Les mosquées sont pointées du doigt : les 18 000 lieux de prière ne consomment pas l’énergie de façon rationnell­e, une commission a été créée pour les réhabilite­r et une «mosquée verte» va être aménagée à Sidi Abdellah, qui servira de modèle susceptibl­e d’être étendu sur tout le territoire national. Concernant les transports, le ministre de la Transition énergétiqu­e a précisé qu’il y a beaucoup à faire dans ce secteur qui consomme 40% de l’énergie produite. «Le transport consomme 17 millions de tonne de pétrole, dont 2 millions importés et 10 millions de tonnes de gasoil. Le président de la République a dit qu’en 2021, il n’y aura plus d’importatio­n. 80 000 voitures ont été converties cette année au GPL, l’année prochaine se seront 200 000 voitures. Nous allons mettre en place le diesel/fuel, nous avons créé une commission pour faire rouler à Alger des bus avec ce carburant, cela veut dire que 30% de la consommati­on de diesel peuvent être épargnés. L’autre créneau est le gaz naturel carburant (GNC) et le grand chantier de la locomotion électrique», souligne-t-il.
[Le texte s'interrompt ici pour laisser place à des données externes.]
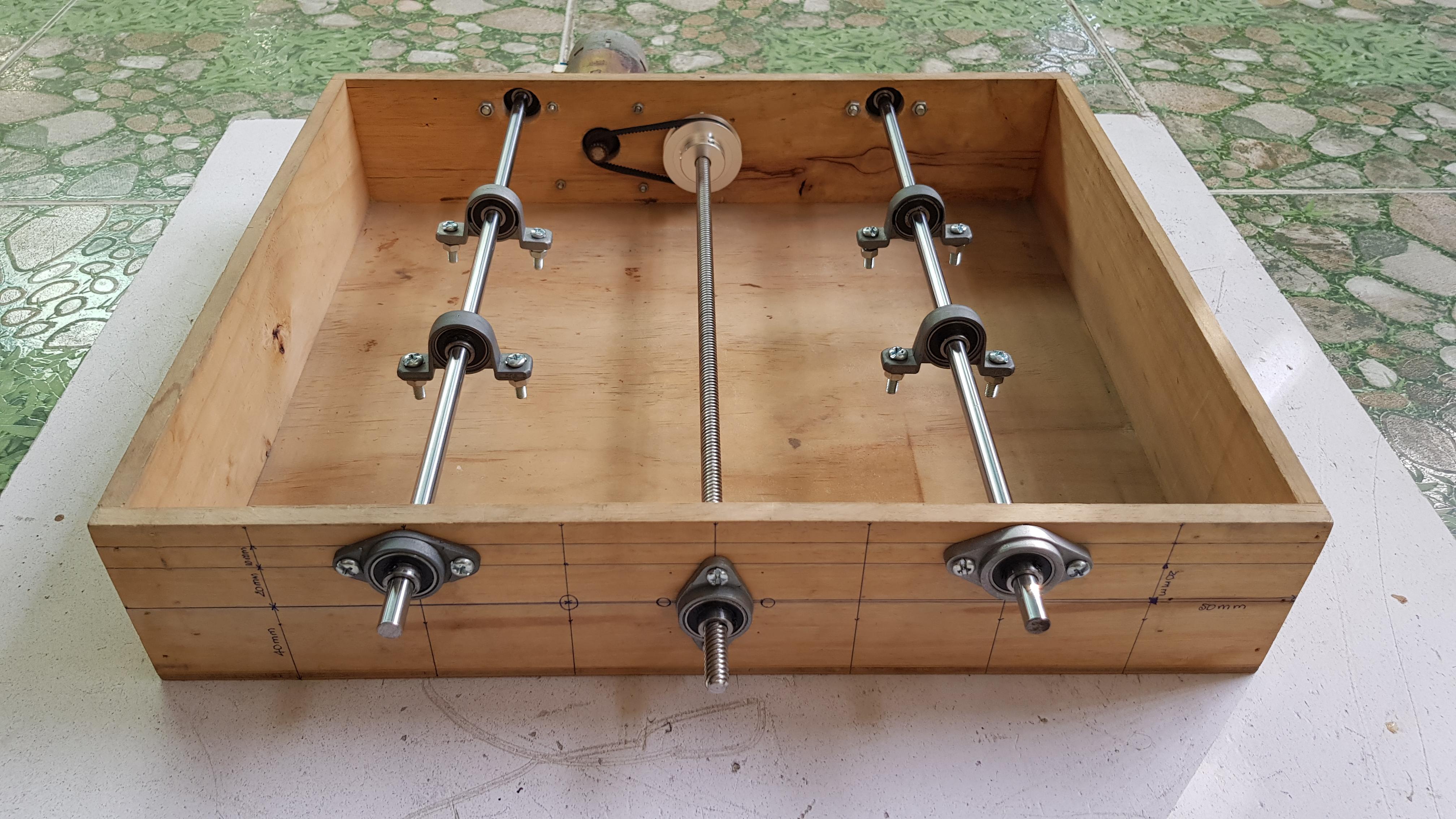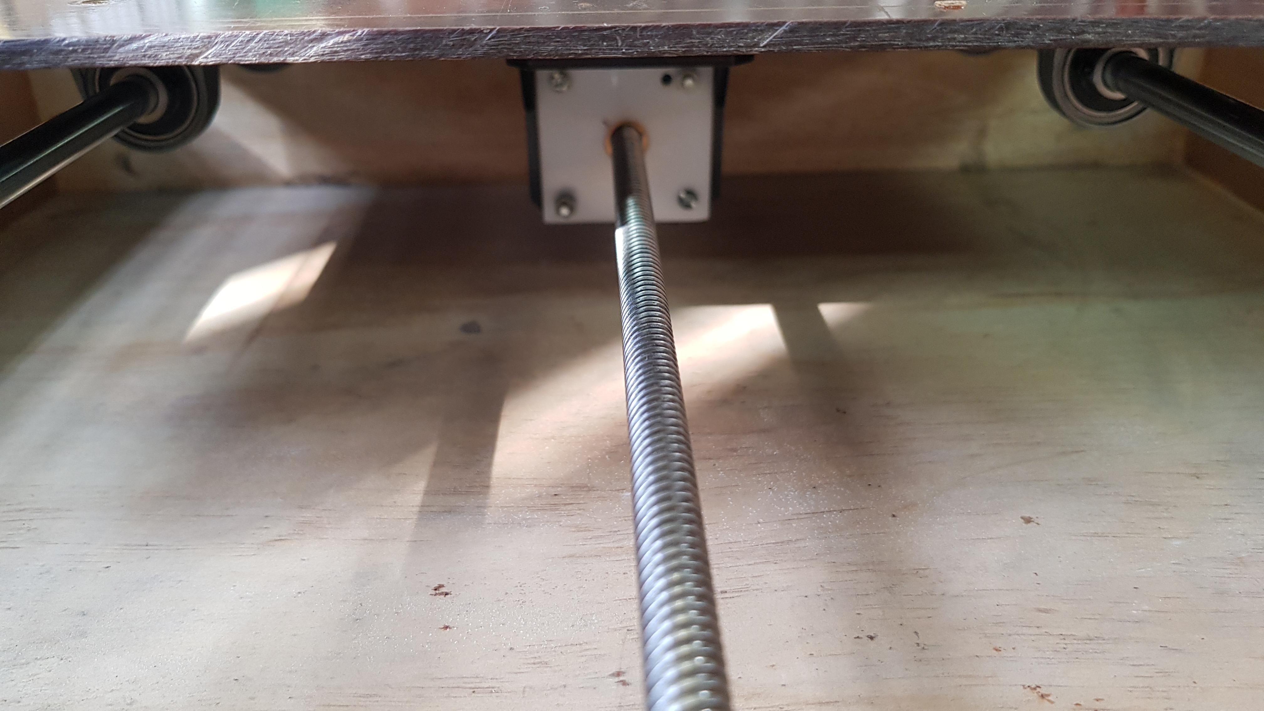Aligning the lead screw and shafts to be sure that the working platform worked smoothly by hand.
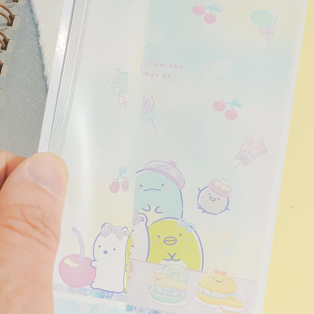 This special sticker notebook features cute illustrations of Sumikko Gurashi and macarons! The pages are stickers that are bound with double rings and can be peeled off. It’s perfect for your journals and scrapbooks!

L’Algérie a 2500 milliards de mètres cubes de gaz naturel en réserve, mais nous risquons un sérieux problème dans 20 ans au plus tard, si nous continuons avec le même rythme de consommati­on. En 2028, la consommati­on sera telle qu’on ne pourra plus exporter, il faudra choisir entre consommer ou exporter. Il faut freiner rapidement.

Face à ce constat, le ministre de la Transition énergétiqu­e et des Energies renouvelab­les appelle à stopper la réalisatio­n de centrales thermiques et à freiner l’investisse­ment consacré au gaz naturel. «C’est un scandale, s’insurge-t-il, de continuer à consommer du gaz naturel», signalant avoir demandé à l’entreprise Sonelgaz de mettre un terme à ces types d’équipement­s et à laisser place aux centrales solaires et éoliennes. Selon le ministre, «Sonelgaz doit évoluer : tous les grands constructe­urs mondiaux (EDF, Engie) ont fait leur mutation. Total a 1500 stations d’essence en France, il les a converties en stations de fitness, il y a mis des bornes électrique­s qui demandent une demi-heure pour recharger la batterie et, entre-temps, donne aux automobili­stes l’opportunit­é de se détendre». Pour accélérer cette transition vers les énergies renouvelab­les, il faut s’inspirer des grands pays qui ont de l’expérience dans ce domaine (Etats-Unis, Chine, Allemagne) en optant pour des «partenaria­ts d’exception».